Все еще о вчерашнем. Личный час перед сном у меня был занят, и я не мог
записать вчера. Но во мне все это - как вырезано, и потому-то особенно -
должно быть, навсегда - этот нестерпимо холодный пол...
Вечером должна была ко мне прийти О - это был ее день. Я спустился к
дежурному взять право на шторы.
- Что с вами,- спросил дежурный. - Вы какой-то сегодня...
- Я... я болен...
В сущности, это была правда: я, конечно, болен. Все это болезнь. И
тотчас же вспомнилось: да, ведь удостоверение... Пощупал в кармане: вот -
шуршит. Значит - все было, все было действительно...

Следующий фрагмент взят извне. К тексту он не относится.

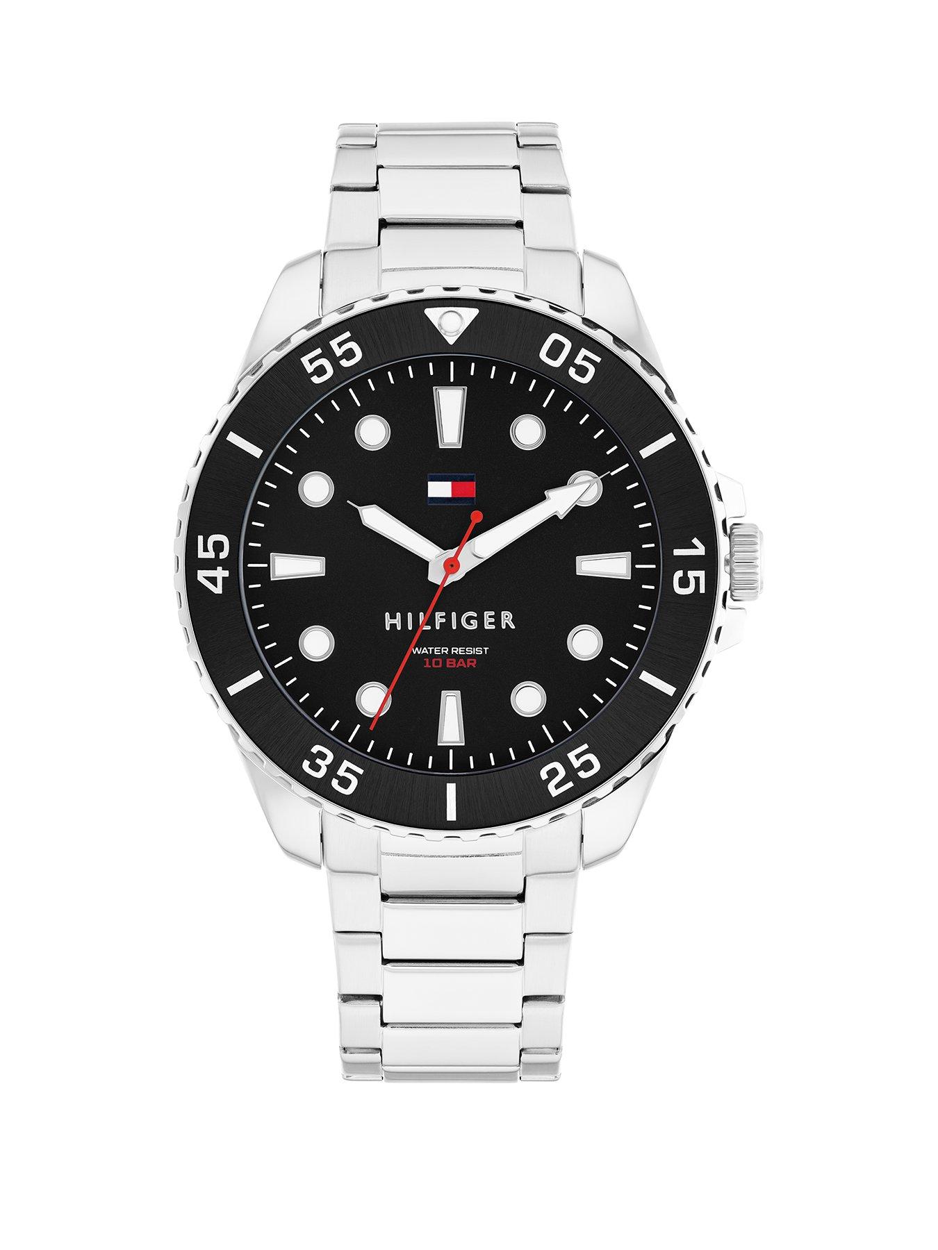 Tommy Hilfiger Oceanic Men's Watch Black Tommy Hilfiger is one of the world's leading designer lifestyle brands and is internationally recognized for celebrating the essence of classic American cool style with a preppy twist. Bold, Sporty and Dive Inspired. - 42mm - 9.3mm stainless steel case th 24Hr Display: N Case Diameter (in cm): 4.2 Case Length (in cm): 4.2 Case Shape: Round Case Width (in cm): 4.2 Glass: Mineral Movement: JapaneseQuartz(battery) Strap Material: Stainless Steel Water Resistant: Y

Я протянул бумажку дежурному. Чувствовал, как загорелись щеки; не глядя
видел: дежурный удивленно смотрит на меня.
И вот - 21.30. В комнате слева - спущены шторы. В комнате справа - я
вижу соседа: над книгой - его шишковатая, вся в кочках, лысина и лоб -
огромная, желтая парабола. Я мучительно хожу, хожу: как мне - после всего
- с нею, с О? И справа - ясно чувствую на себе глаза, отчетливо вижу
морщины на лбу - ряд желтых, неразборчивых строк; и мне почему-то кажется
- эти строки обо мне.
Без четверти 22 в комнате у меня - радостный розовый вихрь, крепкое
кольцо розовых рук вокруг моей шеи. И вот чувствую: все слабее кольцо, все
слабее - разомкнулось - руки опустились...

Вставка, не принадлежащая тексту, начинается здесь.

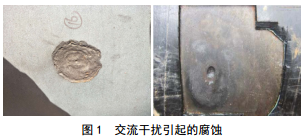 交流干擾危害有三種,一是潛在威脅操作人員的人身安全;二是強(qiáng)電干擾能沖擊沿途監(jiān)控閥室的電動(dòng)執(zhí)行機(jī)構(gòu)和工藝站場(chǎng)的電氣儀表自動(dòng)化設(shè)施,包括陰極保護(hù)站的恒電位儀;三是交流感應(yīng)電壓能引起交流腐蝕(圖 1),而且這種腐蝕是陰極保護(hù)所不能完全有效控制的,目前國(guó)內(nèi)外在交流腐蝕方面已經(jīng)頒布了不少研究報(bào)告或交流腐蝕控制標(biāo)準(zhǔn)。

- Вы не тот, вы не прежний, вы не мой!
- Что за дикая терминология: "мой". Я никогда не был... - и запнулся:
мне пришло в голову - раньше не был, верно, но теперь... Ведь я теперь живу
не в нашем разумном мире, а в древнем, бредовом, в мире корней из
минус-единицы.
Шторы падают. Там, за стеной направо, сосед роняет книгу со стола на
пол, и в последнюю, мгновенную узкую щель между шторой и полом - я вижу:
желтая рука схватила книгу, и во мне: изо всех сил ухватиться бы за эту
руку...
- Я думала - я хотела встретить вас сегодня на прогулке. Мне о многом
- мне надо вам так много...
Милая, бедная О! Розовый рот - полумесяц рожками книзу. Но не могу же
я рассказать ей все, что было - хотя б потому, что это сделает ее
соучастницей моих преступлений: ведь я знаю, у ней не хватит силы пойти в
Бюро Хранителей и следовательно - -
О лежала. Я медленно целовал ее. Я целовал эту наивную пухлую складочку
на запястье, синие глаза были закрыты, розовый полумесяц медленно расцветал,
распускался - и я целовал ее всю.
Вдруг ясно чувствую: до чего все опустошено, отдано. Не могу, нельзя.

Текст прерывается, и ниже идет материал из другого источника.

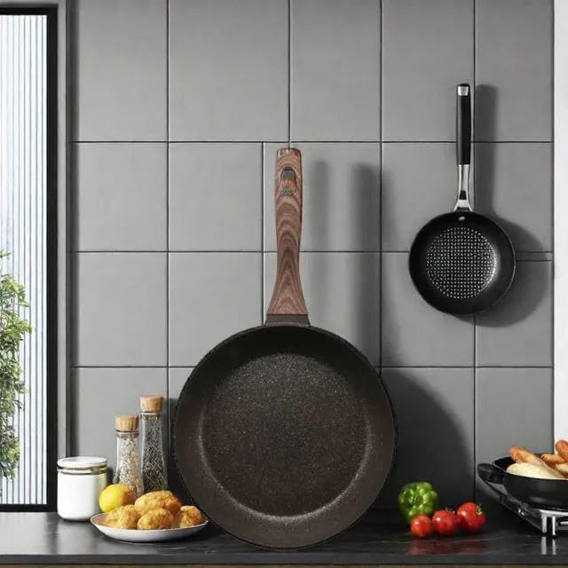 Next store - مقلاة جرانيت للقلي والطهي الصحي بسطح غير لاصق ومقبض خشبي عازل للحرارة عالية التحمل مقاس 26سم من Next Store

Надо - и нельзя. Губы у меня сразу остыли...
Розовый полумесяц задрожал, померк, скорчился. О накинула на себя
покрывало, закуталась - лицом в подушку...
Я сидел на полу возле кровати - какой отчаянно холодный пол - сидел
молча. Мучительный холод снизу - все выше, все выше. Вероятно, такой же
молчаливый холод там, в синих, немых междупланетных пространствах.
- Поймите же: я не хотел... - пробормотал я... - Я всеми силами...
Это правда: я, настоящий я не хотел. И все же: какими словами сказать
ей. Как объяснить ей, что железо не хотело, но закон - неизбежен, точен -
-
О подняла лицо из подушек и, не открывая глаз, сказала:
- Уйдите, - но от слез вышло у нее "ундите" - и вот почему-то
врезалась и эта нелепая мелочь.
Весь пронизанный холодом, цепенея, я вышел в коридор. Там за стеклом -
легкий чуть приметный дымок тумана. Но к ночи, должно быть, опять он
спустится, налегнет вовсю. Что будет за ночь?
О молча скользнула мимо меня, к лифту - стукнула дверь.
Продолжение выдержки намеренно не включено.